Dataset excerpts
⁂

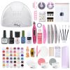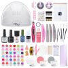 Kit unghii gel Perfect, Lila Rossa NailSchool, cu lampa UV led SunOne, 36 geluri color, degresant, primer, top, baza, decoratiuni, tipsuri, accesorii
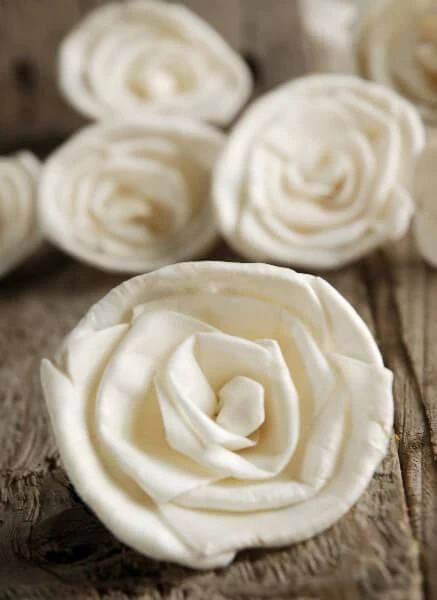 Sola Roses (15 flowers/pkg). Each flower is 2-1/2″ wide. Handmade flowers that are made from tapioca wood peel. It is a soft wood so you can easily string them together with a needle to make natural garlands for decoration. Sola wood- is an entirely natural product derived from the tapioca plant. Make into bouquets, table number holders, decorations. Make an everlasting bouquet in minutes with a floral bouquet holder and 2in corsage pins. Just put the corsage pin through the middle of flower! Wrap the handle of the bouquet holder in ribbon. Also see:
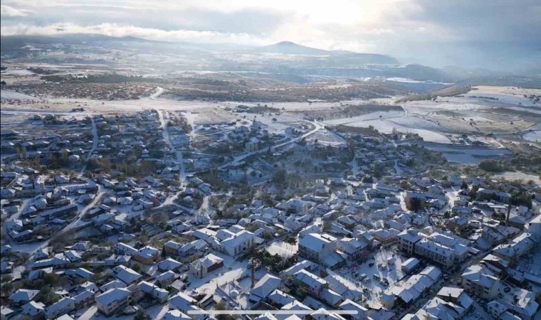 Eskişehir’in Mihalıççık ilçesinde geçtiğimiz hafta etkili olan kar yağışında ilçede bulunan binaların çatıları beyaza bürünmüş fakat sıcak havanın etkisiyle kar erimişti. Dün akşam saatlerinden itibaren kentin bazı bölgelerinde etkili olan kar, Mihalıççık’a da yağdı. Geçen haftaya göre daha fazla yağan kar sonrası ilçenin büründüğü manzara, dron ile havadan görüntülendi. İlçenin adeta beyaz gelinlik giymiş hali mest etti.
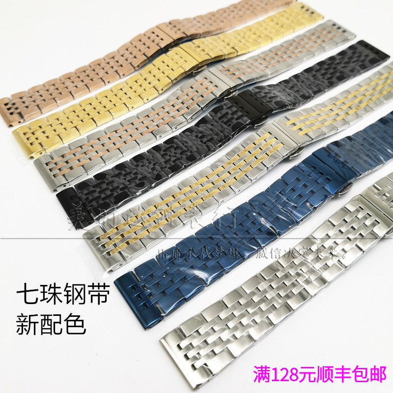 适用于CARTY钢表带T41七珠不锈钢表带12-24mm手表配件蝴蝶扣实心
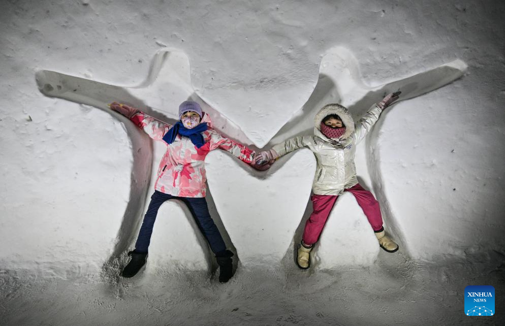 Tourists pose for photos at Changchun Ice and Snow New World in Changchun, northeast China's Jilin Province, Jan. 26, 2024. Boasting abundant ice and snow resources, Jilin Province in northeast China continues to optimize its tourism service to gain prominence as one of the most popular winter destinations for tourists. (Xinhua/Chen Yehua)
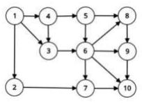 Graph di samping kanan menggambarkan peternakan dimana Pak Dengklek tinggal, yang terdiri dari 10 kandang dan 16 jalan satu arah. Pak Dengklek sedang berada di kandang nomor 1 dan ingin menuju kandang nomor 10. Berapa banyak rute berbeda yang dapat ditempuh Pak Dengklek? Dua arah. Pak Dengklek sedang berada di kandang nomor 1 dan ingin menuju kandang nomor 10. Berapa banyak rute berbeda yang dapat ditempuh Pak Dengklek? Dua rute dikatakan berbeda jika pak Dengklek melalui 2 jalan yang berbeda.

⁂

TASK INSTRUCTIONS
Where a picture appears in the records above, omit it, and transcribe exactly the stretch of lines from the one with "Sola Roses (15" through the one with "适用于CARTY钢表带T41七珠不锈钢表带12-24mm手表配件蝴蝶扣实心".

RESULT FOR THIS EXERCISE
 Sola Roses (15 flowers/pkg). Each flower is 2-1/2″ wide. Handmade flowers that are made from tapioca wood peel. It is a soft wood so you can easily string them together with a needle to make natural garlands for decoration. Sola wood- is an entirely natural product derived from the tapioca plant. Make into bouquets, table number holders, decorations. Make an everlasting bouquet in minutes with a floral bouquet holder and 2in corsage pins. Just put the corsage pin through the middle of flower! Wrap the handle of the bouquet holder in ribbon. Also see:
 Eskişehir’in Mihalıççık ilçesinde geçtiğimiz hafta etkili olan kar yağışında ilçede bulunan binaların çatıları beyaza bürünmüş fakat sıcak havanın etkisiyle kar erimişti. Dün akşam saatlerinden itibaren kentin bazı bölgelerinde etkili olan kar, Mihalıççık’a da yağdı. Geçen haftaya göre daha fazla yağan kar sonrası ilçenin büründüğü manzara, dron ile havadan görüntülendi. İlçenin adeta beyaz gelinlik giymiş hali mest etti.
 适用于CARTY钢表带T41七珠不锈钢表带12-24mm手表配件蝴蝶扣实心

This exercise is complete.